HOW TO COMPLETE THIS TASK: Of all the lines below, output only those starting at the one with "Zur systematischen Vorgehensweise" and ending at the one with "Kamu görevlilerinin maaş", both ends included, exactly as written.

DATA:
########
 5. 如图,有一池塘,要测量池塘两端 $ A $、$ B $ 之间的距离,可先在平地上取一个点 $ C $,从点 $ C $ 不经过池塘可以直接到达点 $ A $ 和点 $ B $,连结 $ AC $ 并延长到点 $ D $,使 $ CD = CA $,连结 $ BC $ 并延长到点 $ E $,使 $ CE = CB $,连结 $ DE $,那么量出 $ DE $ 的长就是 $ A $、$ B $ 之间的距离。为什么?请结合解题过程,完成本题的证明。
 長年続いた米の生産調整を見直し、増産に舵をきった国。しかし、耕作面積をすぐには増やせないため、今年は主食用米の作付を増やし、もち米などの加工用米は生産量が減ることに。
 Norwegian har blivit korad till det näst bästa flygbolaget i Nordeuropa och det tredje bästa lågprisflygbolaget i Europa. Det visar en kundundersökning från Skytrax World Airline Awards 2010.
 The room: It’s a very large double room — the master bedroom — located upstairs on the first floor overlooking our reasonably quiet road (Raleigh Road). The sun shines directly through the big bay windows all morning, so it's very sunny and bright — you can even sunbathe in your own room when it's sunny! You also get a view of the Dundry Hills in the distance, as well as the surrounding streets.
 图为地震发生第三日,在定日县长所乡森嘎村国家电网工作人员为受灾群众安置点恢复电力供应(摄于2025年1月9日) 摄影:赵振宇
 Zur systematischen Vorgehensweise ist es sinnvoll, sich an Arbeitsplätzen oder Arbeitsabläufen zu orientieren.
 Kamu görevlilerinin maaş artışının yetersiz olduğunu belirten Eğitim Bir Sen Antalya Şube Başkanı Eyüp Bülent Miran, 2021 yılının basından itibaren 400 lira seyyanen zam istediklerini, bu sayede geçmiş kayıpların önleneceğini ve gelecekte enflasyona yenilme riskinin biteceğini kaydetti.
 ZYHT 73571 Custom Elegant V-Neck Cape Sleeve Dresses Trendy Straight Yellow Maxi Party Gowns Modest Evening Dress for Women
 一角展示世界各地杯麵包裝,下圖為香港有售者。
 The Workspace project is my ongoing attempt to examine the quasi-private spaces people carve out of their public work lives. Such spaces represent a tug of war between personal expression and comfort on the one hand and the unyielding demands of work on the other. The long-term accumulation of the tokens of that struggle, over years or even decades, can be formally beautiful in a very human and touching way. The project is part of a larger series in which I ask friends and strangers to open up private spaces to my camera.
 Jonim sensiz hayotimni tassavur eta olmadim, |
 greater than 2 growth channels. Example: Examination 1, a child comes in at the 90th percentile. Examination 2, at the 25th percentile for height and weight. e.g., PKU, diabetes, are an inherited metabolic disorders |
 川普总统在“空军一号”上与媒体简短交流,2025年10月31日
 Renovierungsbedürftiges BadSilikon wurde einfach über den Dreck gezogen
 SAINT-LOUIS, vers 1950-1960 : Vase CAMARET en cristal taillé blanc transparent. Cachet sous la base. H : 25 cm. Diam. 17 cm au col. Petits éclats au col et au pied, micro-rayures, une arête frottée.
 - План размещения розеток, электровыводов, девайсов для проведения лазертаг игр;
########
SOLUTION:
 Zur systematischen Vorgehensweise ist es sinnvoll, sich an Arbeitsplätzen oder Arbeitsabläufen zu orientieren.
 Kamu görevlilerinin maaş artışının yetersiz olduğunu belirten Eğitim Bir Sen Antalya Şube Başkanı Eyüp Bülent Miran, 2021 yılının basından itibaren 400 lira seyyanen zam istediklerini, bu sayede geçmiş kayıpların önleneceğini ve gelecekte enflasyona yenilme riskinin biteceğini kaydetti.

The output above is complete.